Salvador Dali, Uyanmadan Bir Saniye Önce Nar Etrafında Uçan Arının Sebep Olduğu Rüya, 1944
Sürrealizm akımının bir diğer önemli temsilcisi René Magritte, resim sanatının şiiri görünür kılmak olduğunu söyler. Bu yüzden Magritte’in eserlerinde metaforlar, görsel dili oluşturur. Magritte sıradan objeleri bir araya getirerek bir benzerlik ve yakınlık oluşturur. “Donakalmış Zaman” (1938) eserinde Magritte, şömineyi bir tünel metaforu olarak kullanır, bu tünelden ise bir tren geçmektedir. Tren ise şöminede yanan ateş gibi borusundan buhar üflemektedir. Tren resmin yapıldığı anda orada bulunmaktadır, birkaç saniye içinde tünelden/şömineden geçip gidecektir ve duman sönecektir. Görsel, zamanda donup kalmıştır. Magritte bu eserde iki farklı gerçek obje arasında sürrealist bir bağlantı kurar ve nesneleri birbirleri yerine geçen metaforlar olarak sunar.

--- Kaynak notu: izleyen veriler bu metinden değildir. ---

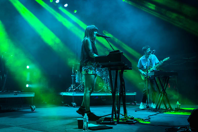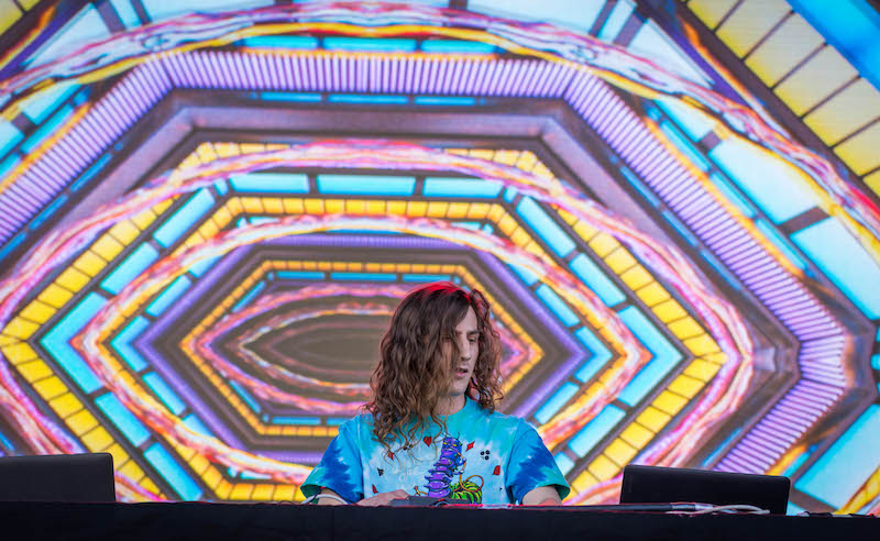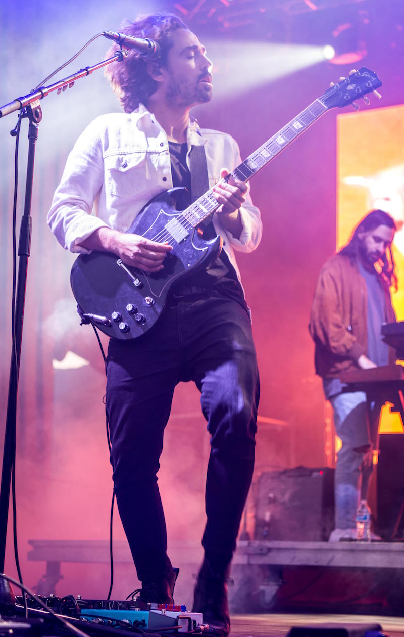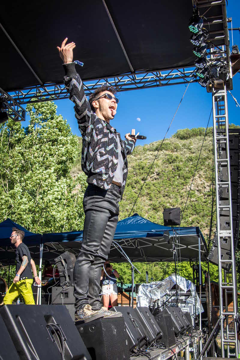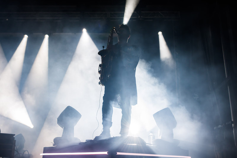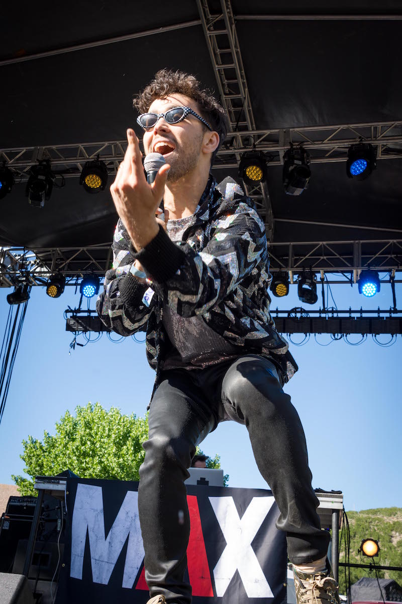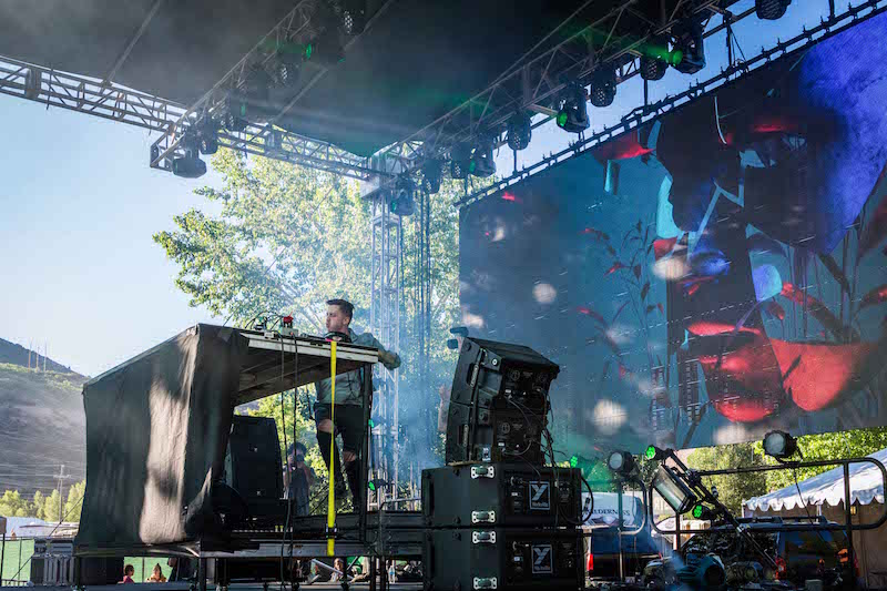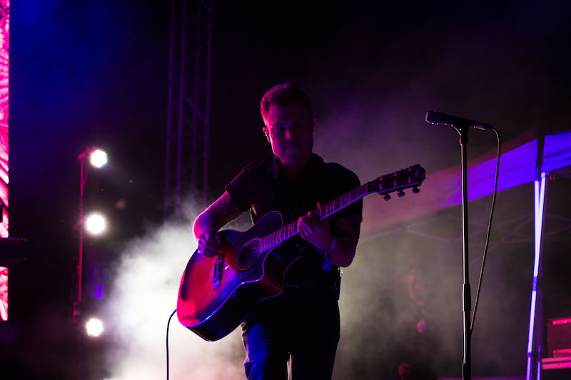 Hayden James plays in the colorful lights of the Bonanza shade stage.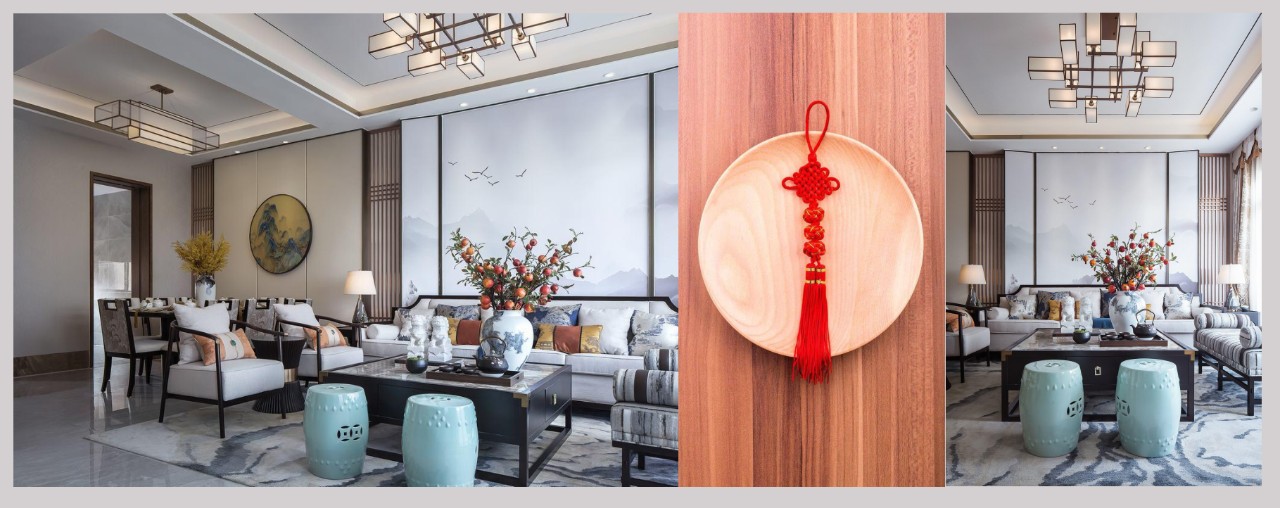 根據古典家具新中式的格調做一個融合,選取茶具和書籍,把這些更加生活情調的元素添加進去。
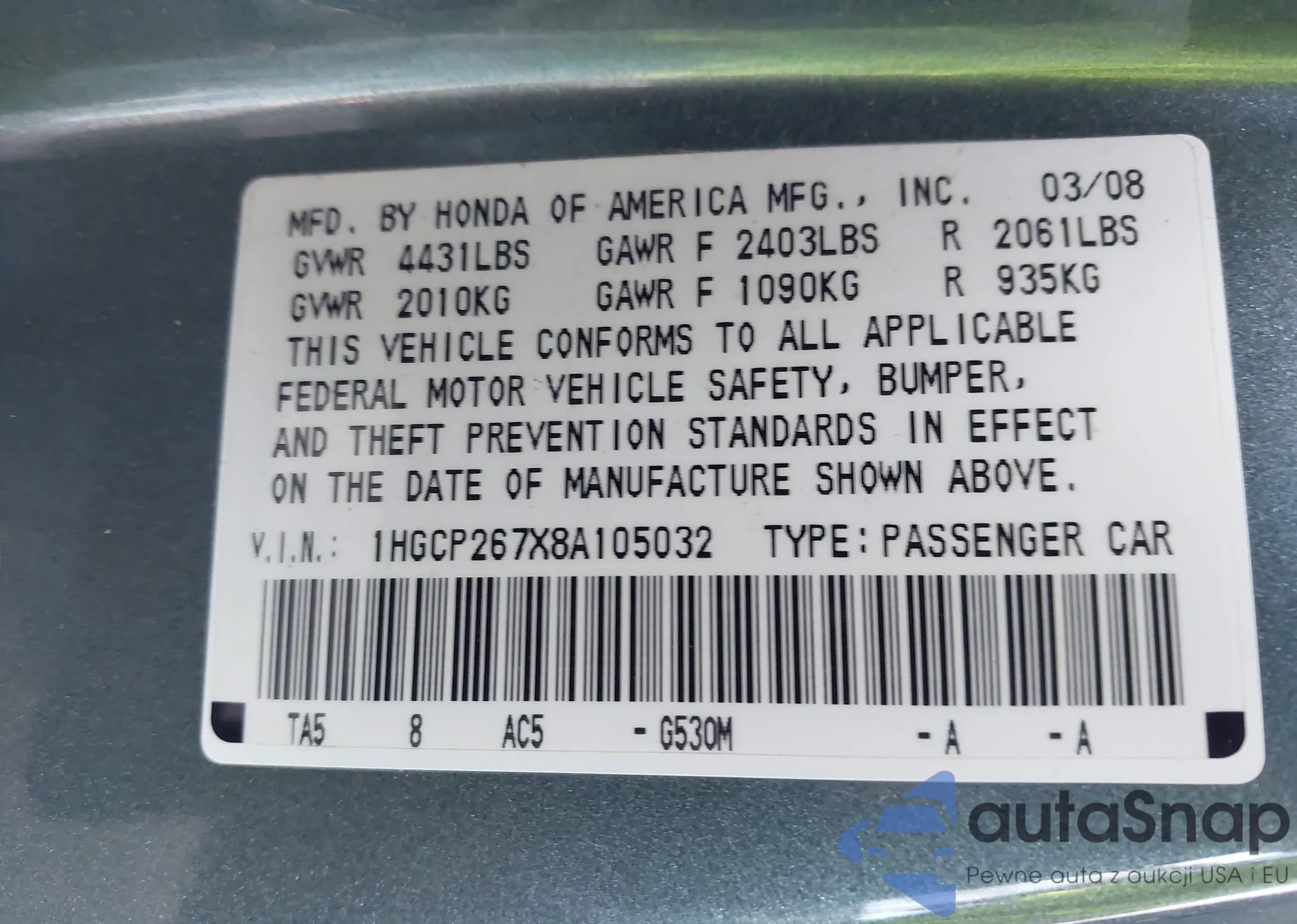 Автомобиль Honda Accord 2008 (VIN 1HGCP267X8A105032) ранее не участвовал в торгах. Документы чистые, пробег соответствует или ниже среднего по рынку. Продаётся страховой компанией — рекомендуем покупку. Доставка в порт займет около 6–8 недель.
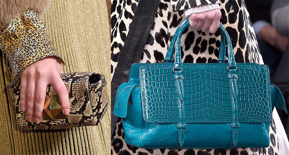 Sonia Rykiel et Anya Hindmarch ont opté pour des sacs colorés sur le thème des reptiles. L'imprimé prédateur reste en vogue, avec le léopard et les reptiles en tête.
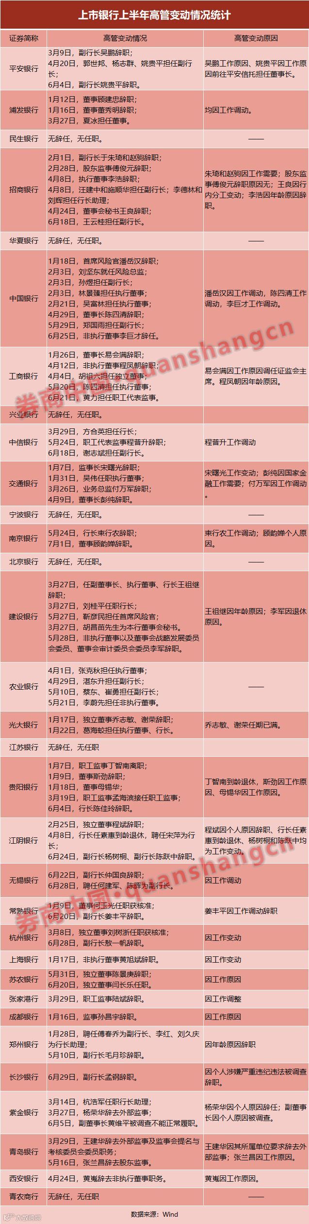 尽管高管变动已经寻常,但是上半年A股上市银行高管的变动的密集当属罕见,尤其是银行董事长或行长正职的变动。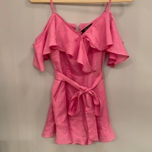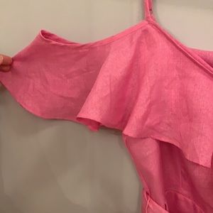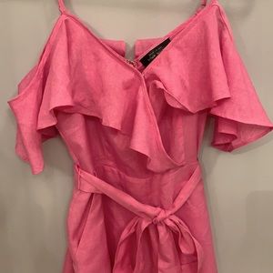 Pink lightweight romper. Has pockets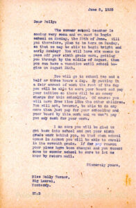 [004] June 8, 1925. To Polly from EZ (Zande), asking her to arrive at the school in time for summer school on June 29. “You will have six weeks to pass off your sixth grade work…. You will go to school two and a half or three hours a day. By putting in a fair amount of work the rest of the day you will be able to earn your board and pay your tuition so there will be no money charge for this schooling. Of course you will have free time like the other children.” This will prepare Polly for seventh grade in August.

René Magritte, Donakalmış Zaman, 1938
Sürrealizm akımı, dönemin avangart ruhunu yansıtan bir başkaldırı olmuştur. Geleneğe, akla, mantığa ve diğer toplumsal normlara tepki olarak insan düşüncesinin mutlak özgürlüğünü savunmuştur. Bu özgürleşme bilinçdışının keşfi ile ifade edilmiştir, burada da Freud’un teorileri önemli rol oynamıştır. Sürrealist eserler izleyiciyi neyin gerçek neyin rüya olduğu sorgulamaya iter, bu sorgulama sırasında ise bilinçdışı süreçleri devreye girip insan düşüncesini özgürleştirir.
KAYNAKÇA
Clancy, Robert. 1949. Surrealism and Freedom. American Journal of Economics and Sociology, 8(3). 271-276.
Criel, Gaston. 1952. Surrealism. Books Abroad, 26(2). 133-136.
Dubnick, Randa. 1980. Visible Poetry: Metaphor and Metonymy in the Paintings of René Magritte. Contemporary Literature, 21(3). 407-419.
Jones, Ernest. Freud’s Theory of Dreams. The American Journal of Psychology. 21(2). 283-308.